This slump shows Chainlink is not immune to a correction after a months-long period of surge. At the time of writing, Chainlink’s 24-hour trading volume is down by 34.58% to $789,720,779. Despite this gloomy performance carried over from the weekend, Chainlink is maintaining its outlook for the week where it has grown as much as 23.58%.
In the analyst’s analysis, the TD Sequential indicator presents a sell signal on both the daily, three-day, and Chainlink weekly charts. While LINK is not currently in the danger zone, Martinez believes a retracement to $12.5 cannot be ruled out.
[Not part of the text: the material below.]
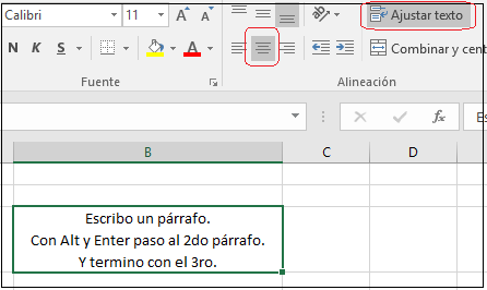 En una misma celda, para escribir varios párrafos centrados ¿cómo se se hace?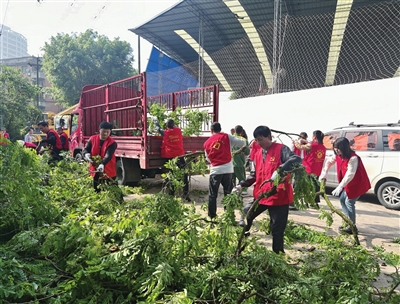 及时响应、快速报到、合力处置。4月22日,用于修剪树枝的起重机开进了化工厂老旧小区,对隐患枝条逐一进行修剪。4月26日,中山路街道与11个结对单位年轻力壮的在职党员早早来到现场,和卧龙凼社区部分党员、网格员一起合力清理树枝、清扫院落。

He went on to further note that should Chainlink bulls fail to secure this level, they can drag the price down toward the $10.5 support zone.
It is worth noting that Chainlink has not retested the $10.5 level since Oct. 24, and chances are bulls will defend the current level.
Banking on Chainlink staking advantage
For Chainlink, its on-chain metrics are not much of a focus for a community that wants a highly functional Oracle protocol.
To push this sentiment in the right direction, many LINK proponents are bound to start banking on what the Chainlink Staking v0.2 upgrade will usher in for the ecosystem shortly. With a phased rollout set to commence this month, Chainlink Staking v0.2 will present a more sustainable and inclusive channel for LINK holders to help secure the network and get a better reward for it.
Chainlink also has many other crucial innovations like the Cross-Chain Interoperability Protocol (CCIP), a tool now being integrated by the likes of Arbitrum. With these solutions, Chainlink has what it takes to sustain its growth and chart a quick rebound from its current level.